Billy Jim is a 1922 American silent comedy western film directed by Frank Borzage and starring Fred Stone, Marian Skinner and George Hernandez.

==Plot==
Billy Jim is a wealthy westerner posing as a happy-go-lucky cowboy. He boards a train and gets into an argument with a man. He meets a girl who berates him for his actions. However, he falls in love with her. Later, while drunk, he finds her bound to a chair in a cabin and after releasing her learns that she is traveling with her father to a resort. Billy Jim then robs some men playing a card game and hires a driver to take him to the girl's father's resort. He learns the resort is next to a mining camp, which the father also owns.

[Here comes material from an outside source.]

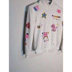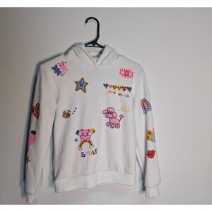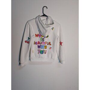Lola and The Boys big girls size 10. white hoodie with vibrant graphics featuring animals, stars, rainbows, and inspiring "The World Is Beautiful With You" phrase. Offers always warmly received.
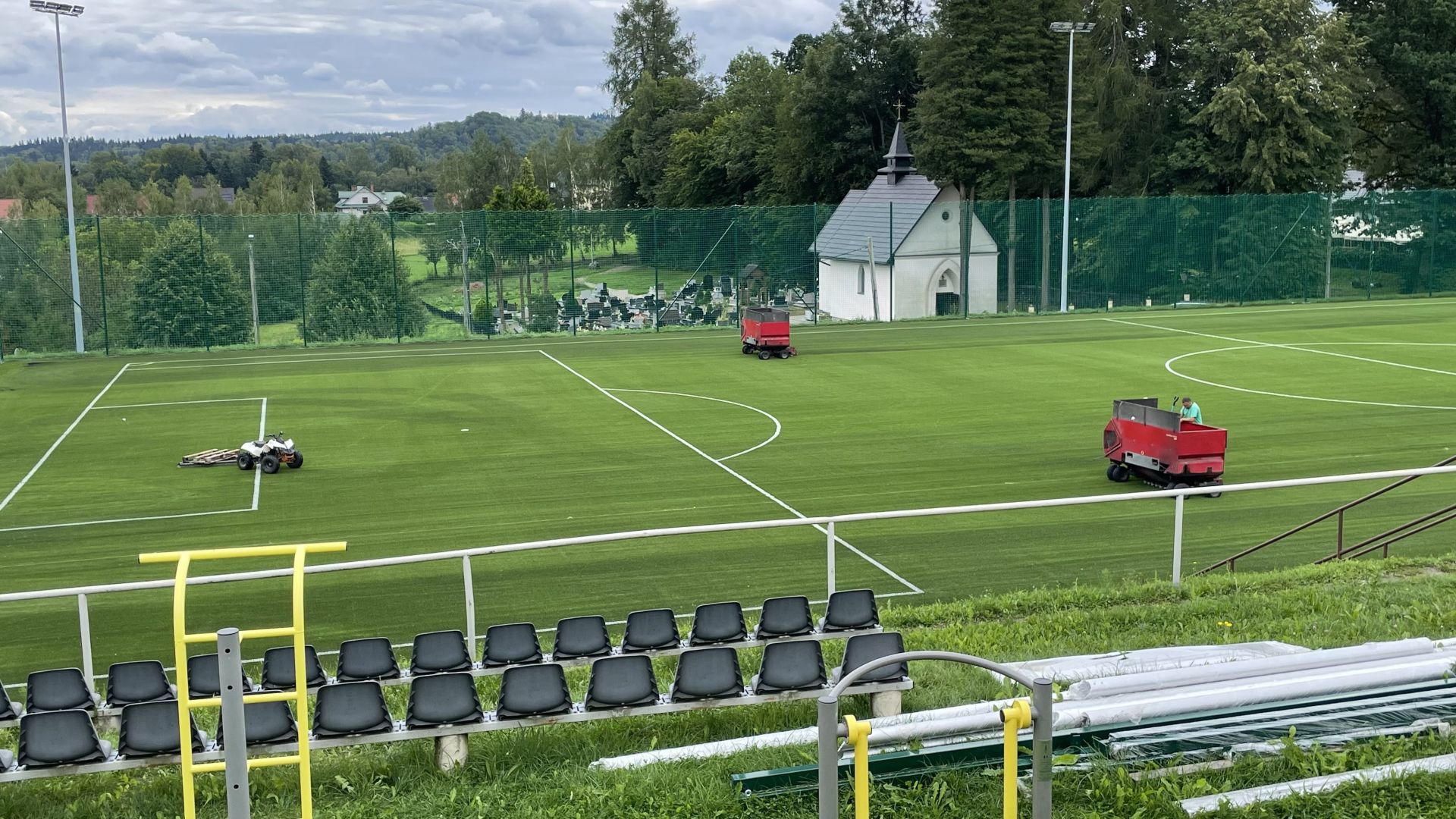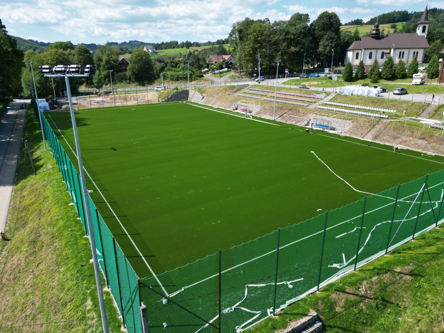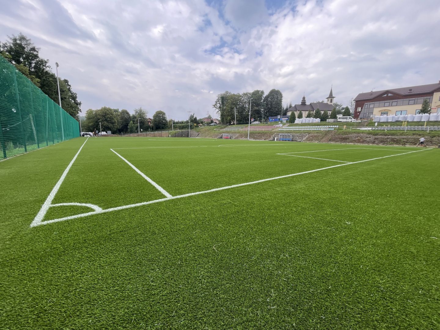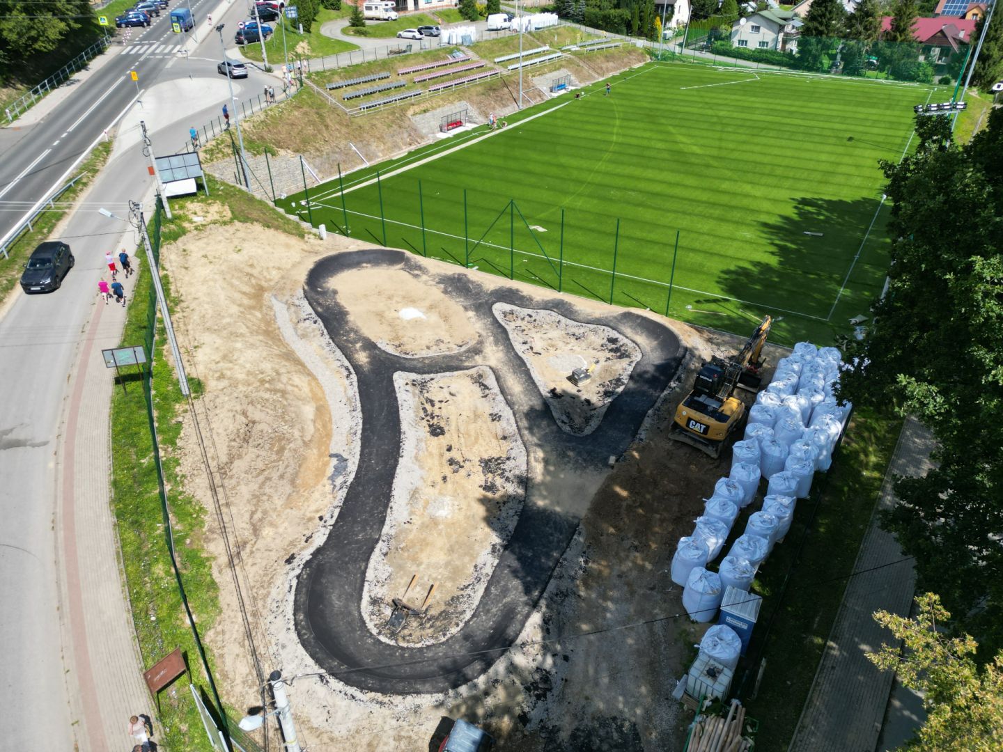 Budowa pełnowymiarowego boiska sportowego Klasy B, o nawierzchni ze sztucznej trawy, wraz wiatami dla zawodników, piłkochwytami, oraz torem rowerowym typu "Pumptrack".

The sheriff then arrives to arrest him for stealing money. It is revealed that he is a wealthy cattle owner. Billy Jim departs, but the girl follows to return his gun.

==Cast==
- Fred Stone as 	Billy Jim
- Millicent Fisher as 	Marsha Dunforth
- George Hernandez as 	Dudley Dunforth
- Billy Bletcher as 	Jimmy
- Marian Skinner as 	Mrs. Dunforth
- Frank Thorne as 	Roy Forsythe

==Bibliography==
- Munden, Kenneth White. The American Film Institute Catalog of Motion Pictures Produced in the United States, Part 1. University of California Press, 1997.